Make the Part 3 Dimensional: Click on Sketch1 in the hierarchy on the left. Tools, Insert, Boss/Base, Extrude. In the Boss-Extrude panel on the left, enter a value for the dimension of the extrusion. From the pulldown menu where it shows Blind (a one direction extrusion), choose Mid-Plane to make the part symmetric around the origin. Always make your parts symmetric around the origin unless you have a compelling reason not to. Click the green check mark on the upper left to accept the extrusion.

Experiment with adding more Extruded Boss/Base material to the part, and with removing material using an Extruded Cut.

Elephant Toy — Rough Draft

rough-draft-full-toy in SolidWorks format

rough-draft-full-toyrough-draft-full-toy2

I used a funny kind of rubber instead of sand because it has the same density as loose sand.

Stability: Check the center of mass as you rotate the part into all possible orientations. If center of mass is closer to the closed end of the dome bottom than the contact point with the ground is, then the toy will be self-righting.

Strength:

  1. Demonstrate Finite Element Analysis of the weakest dome member if made of Balsa Wood, for which there is engineering data in SolidWorks.
  2. Run an analysis of the lifting strength of the hexagonal hole in the main plate. Try a torsion test also, to simulate leverage load on the top of the tower. If the installation at MICA has Pro, check the top as an assembly.

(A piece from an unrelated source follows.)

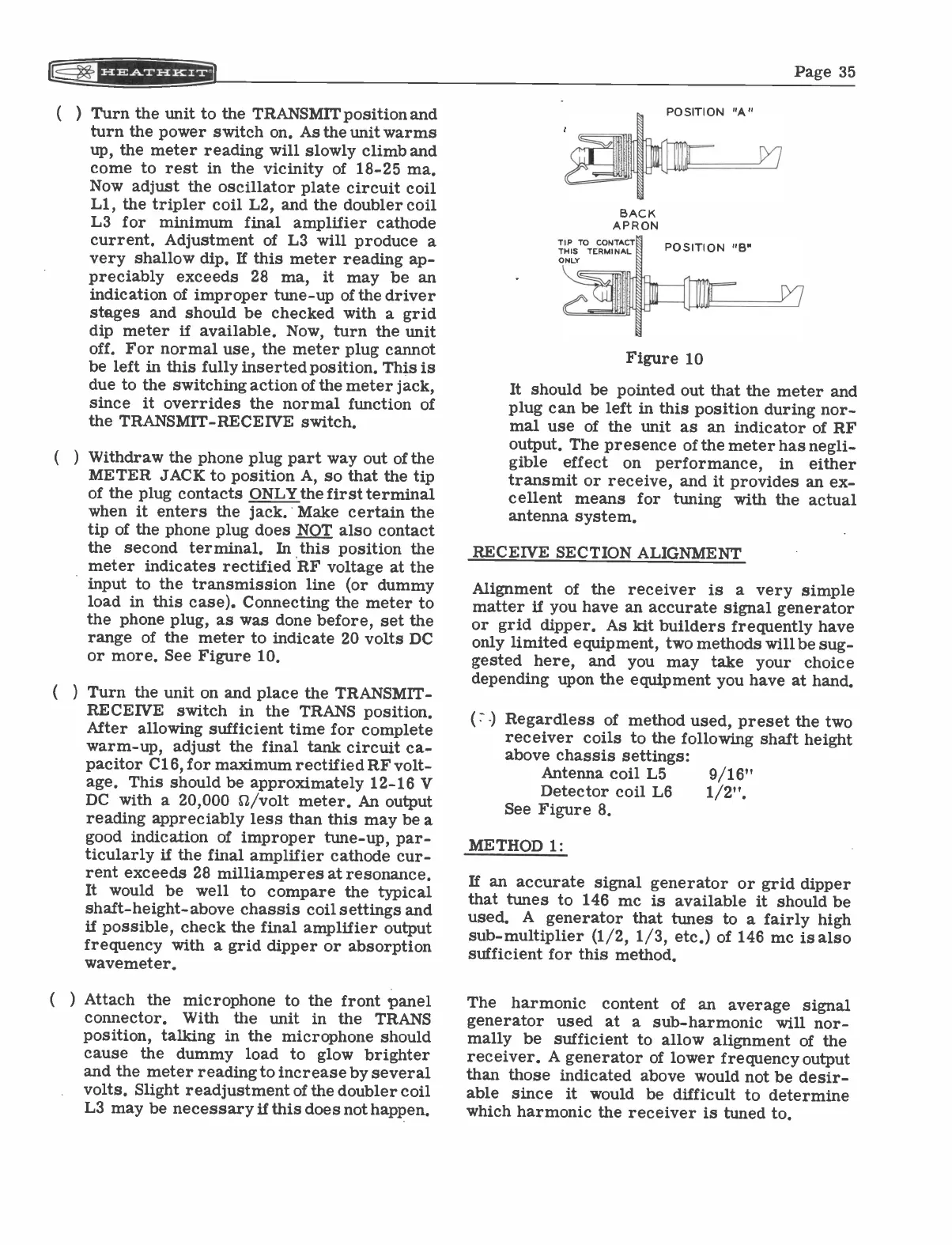 METER JACK to position A, so that the tip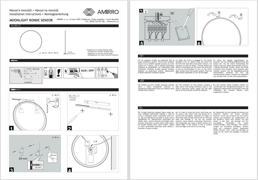 Zrcadlo s průsvitným LED podsvícením po celém obvodu, šířka okraje má 2 cm, okraj je pískovaný a díky tomu vzniká efekt mléčného skla, přes který světlo jemně a neoslňujícím způsobem prosvítá. Zrcadlo je v provedení s dotykovým senzorem, který je jemně podsvícený, takže ho vidíte i v naprosté tmě. Senzor vám umožní snadno ovládat LED pásek, u kterého si můžete nastavit barvu světla (2700-6500K). U zrcadel s osvětlením doporučujeme vývod elektřiny umístit „na střed zrcadla“.

Things that remain to be done:

  1. Split up the layers of the bottom shell into single plywood thicknesses. It can be a much better approximation of the sphere when made of more layers. Make each layer with inside and outside geometry for inner and outer bolt circles and load surfaces.
  2. Add another bolt circle to hold the middle deck, using the stainless nut inserts.
  3. Choose screws for holding plywood layers together. I recommend these. Space them 2 to 3″ apart.
  4. Make a bill of materials. Order materials and fasteners. And router bits for the CNC router. Make sure you are using sharp bits.
  5. Choose how many facets for tower. Order metal.
  6. Must use food-grade anti-seize lubricant on the screws, because stainless to stainless contacts will gall (weld) to each other. Or switch to non-stainless fasteners, which will cost less, but will rust. Perhaps black-oxide coated stainless threaded fasteners will be good enough for anti-seize.
  7. Need chain, shackles, and chain adapter plate (made of 1/8″ steel plate, cut and bent) to attach clanger to top eye.
  8. Make a bill of materials. Order materials and fasteners. And router bits for the CNC router. Make sure you are using sharp bits.
  9. Lots and lots of fabrication work to do. Layouts, CNC router and CNC plasma cutting, glue-and-screw joining, grinding, welding. 
  10. Crochet tire hoops to be made, with manila rope or firehose or both together. Lots of work to be done here too. 

Notes:

  1. Can use some of the inside cutouts of the larger base parts to make the smaller base parts. Saves some plywood.
  2. Decks should be made of 2 layers of plywood, for strength.
  3. I recommend sealing the edges with glue in 2 or 3 coats after sanding the final assembled base.
  4. Pay attention to the offsets of the welded top. I designed them specifically for thorough fusion. Weld to the main plate both inside and outside for strength.
  5. Holes at the top are for two reasons. To allow moisture to come out so the inside doesn’t rot, and to allow the insertion of a bar to hold the eye-nut still during assembly and repair of the clang chain. You may need to make a special tool for pushing the eye-nut to the end of the tower in the correct orientation. Something like a pipe with a notch in it.